Posted on entry More about that "blame game" thing ::: September 11, 2005, 09:04 PM:
"one way or the other, we need to know things like, oh, who actually made the decision to prevent the Red Cross from going into New Orleans."

That would be the Louisiana Department of Homeland Security, an office of the state government.

I'll be glad to point fingers, as long as they're pointed in the right direction. The state government kept out the Red Cross. The Gretna police kept people from leaving.
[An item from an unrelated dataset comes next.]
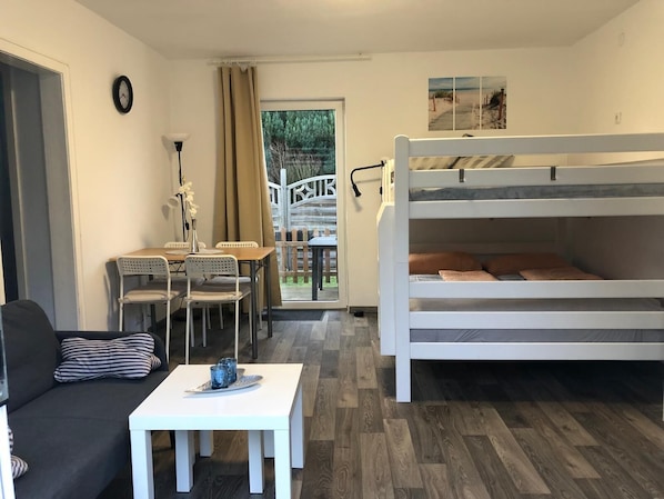 Nette, kleine Wohnung mit Mini-Veranda. Für 2-3 Personen oder junge Familien ok, mit 4 Erwachsenen ein soziales Experiment (160x200 Doppelstockbett).Parkplatz direkt vor der Wohnung, Rangierbereich aber sehr eng.Check-In und -Out verliefen sehr freundlich und schnell.Fazit: Wer sowieso den ganzen Tag unterwegs ist, ist hier gut untergebracht.
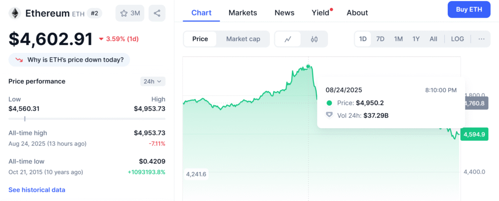 This aggressive move led to Ethereum hitting its record ATH of $4,953.73 on August 24, and such an interesting scenario illustrates how whales cause decisive price shifts that shape the overall market.

The New Orleans city government proclaimed a "mandatory" evacuation a single day before landfall that 100,000+ people were physically incapable of complying with, and failed to use its own assets and follow its own plan to get them out.

The Feds showed up in force as quickly as they ever have, within the period of time promised (48-96 hours) after disaster struck, and things got a hell of a lot better damn quick after they did.
Posted on entry Shamelessly politicizing the Gulf Coast tragedy ::: September 08, 2005, 04:55 PM:
So let me get this straight.

Every time something bad happens, the call goes out to raise taxes (more generally phrased as "repeal the [disparaging adjective] tax cuts"). That's not politicizing a tragedy.

But, given the need to spend scads of money by a new situation, the idea of limiting Social Security benefits - that is politicizing a tragedy?